Southbury’s genius lies in its refusal to be any one thing. It is both a relic and a rebellion. Drive past the 18th-century cottages near Bullet Hill and you’ll find a solar farm glinting in the sun, panels angled like worshippers toward the sky. The Southbury Training School, a sprawling campus founded in the 1940s, now shares the landscape with hiking trails where kids pedal bikes with streamers on the handles. Even the Housatonic River, which carves the town’s eastern edge, seems to mirror this duality, serene on the surface, industrious underneath, its currents churning stories of mill wheels and muskrat kits.

Same day service available. Order your Southbury floral delivery and surprise someone today!



What binds it all is a civic intimacy rare in an era of screens. The librarian knows your coffee order. The guy at the hardware store remembers the hinge size you botched last spring. At the I-84 rest stop, tourists blink at Southbury’s exit sign, unaware that just beyond the highway’s hum lies a diner where the waitress calls you “hon” and the strawberry-rhubarb pie crust flakes like a secret. This is a town where you can still see the seams of human effort, where the soccer field’s chalk lines are drawn by a parent with a clipboard and a whistle, where the winter plow schedule is debated over pancakes.

The land itself seems to collaborate. Autumn here is a conspiracy of brilliance, oaks and maples ignite in hues that make you forget the word “orange” and invent new ones. Summers are lush and forgiving, the kind of heat that slows clocks and opens porch doors. Even the winters, all stark branches and stone walls, feel like a shared project, neighbors shoveling driveways in a silent pact against the cold. Spring’s thaw brings a frenzy of peepers in the wetlands, a sound so loud it’s less a chorus than a dare to remember that life, too, can be this insistent.
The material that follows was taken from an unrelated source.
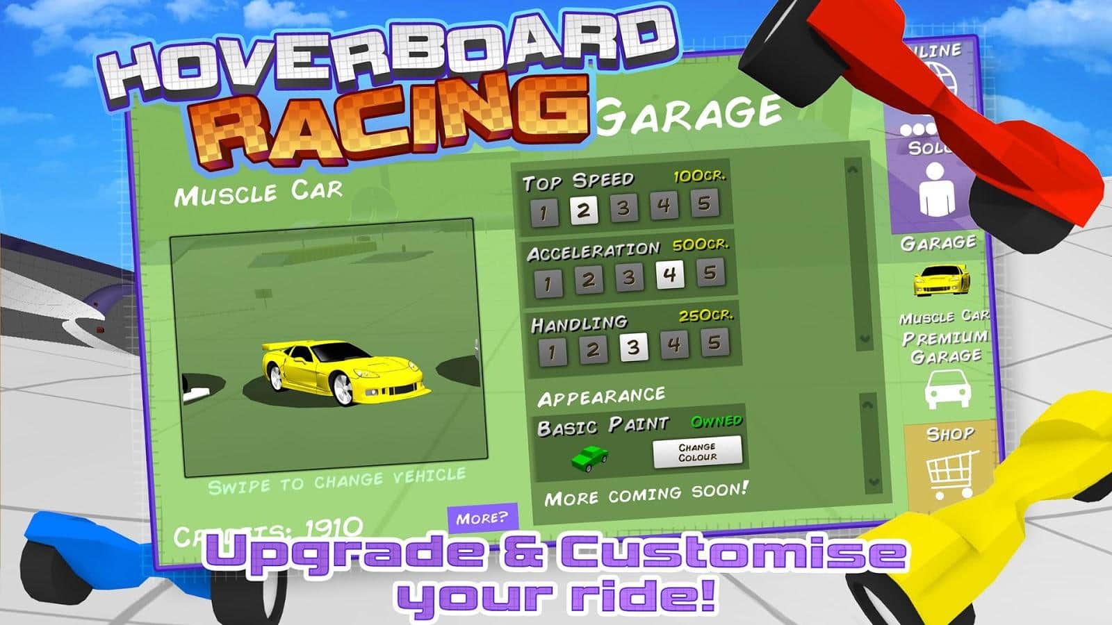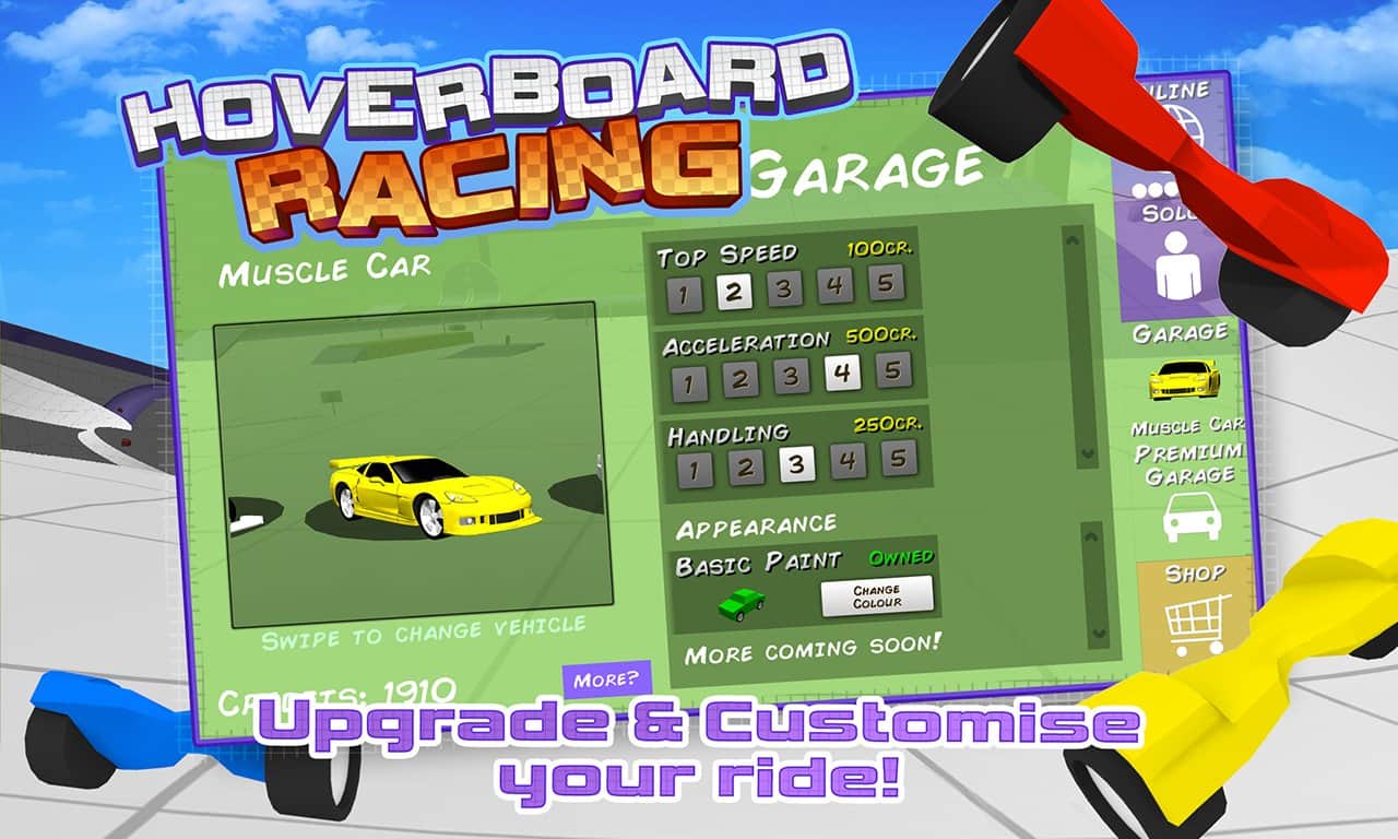 Вокруг уникальная арена, где игроку предстоит быстро перемещаться, чтобы стать экспертом езды на гироскутере. Разработчики Hoverboard Racing предлагают сразу несколько режимов игры, включая мультиплеер, захват флага, атаку зомби и сбор монет. Каждый раз перед геймером будет стоять новая задача, связанная с быстрым перемещением по локации, чтобы в краткое время добиться своей цели и обойти в мастерстве других игроков, соревнующихся на этой же локации. Покупай новый транспорт и совершенствуй текущий, чтобы добиваться лучших результатов.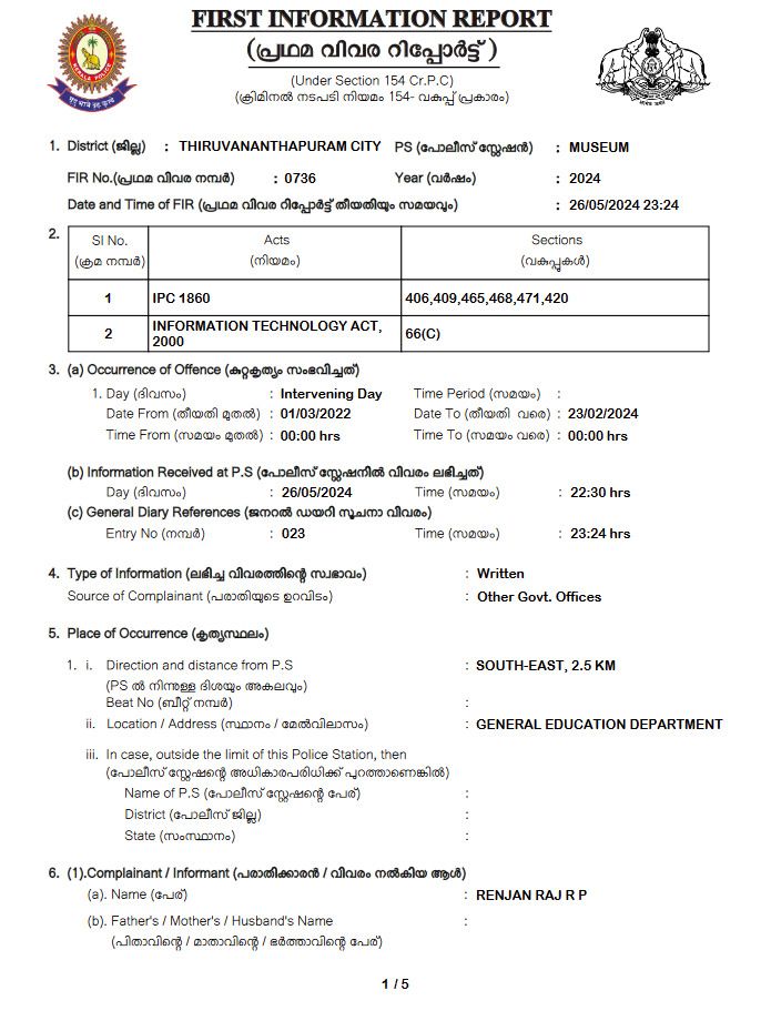പൊതുവിദ്യാഭ്യാസ വകുപ്പിലെ സീനിയര് അഡ്മിനിസ്ട്രേറ്റീവ് ഓഫീസര് പോലീസിന് നല്കിയ പരാതിയിന്മേലുള്ള എഫ്.ഐ.ആറിന്റെ പകര്പ്പ്

There is a particular thrill in Southbury’s smallness. The annual Strawberry Festival at the United Church of Christ isn’t just about berries. It’s about Mrs. Kowalski’s arthritic hands arranging jam jars just so. It’s about the toddler who loses a shoe near the bounce house and becomes, briefly, the town’s collective grandson. The farmers market isn’t a trend but a lineage, teenagers selling zucchini next to their grandparents, who once sold eggs next to theirs. The produce is incidental. The point is the folding tables, the handwritten signs, the way a community becomes visible to itself week after week.

None of this is an accident. It’s a choice, repeated daily. To live here is to participate in a gentle but relentless act of care. You patch the roof. You join the fire department. You wave at the mail carrier. You teach your children to pull over for funeral processions. You let the old oak on the green outlive you. In a world that often mistakes speed for progress, Southbury moves at the pace of growing things, a stubborn, splendid testament to the fact that some places still plant trees whose shade they’ll never sit in.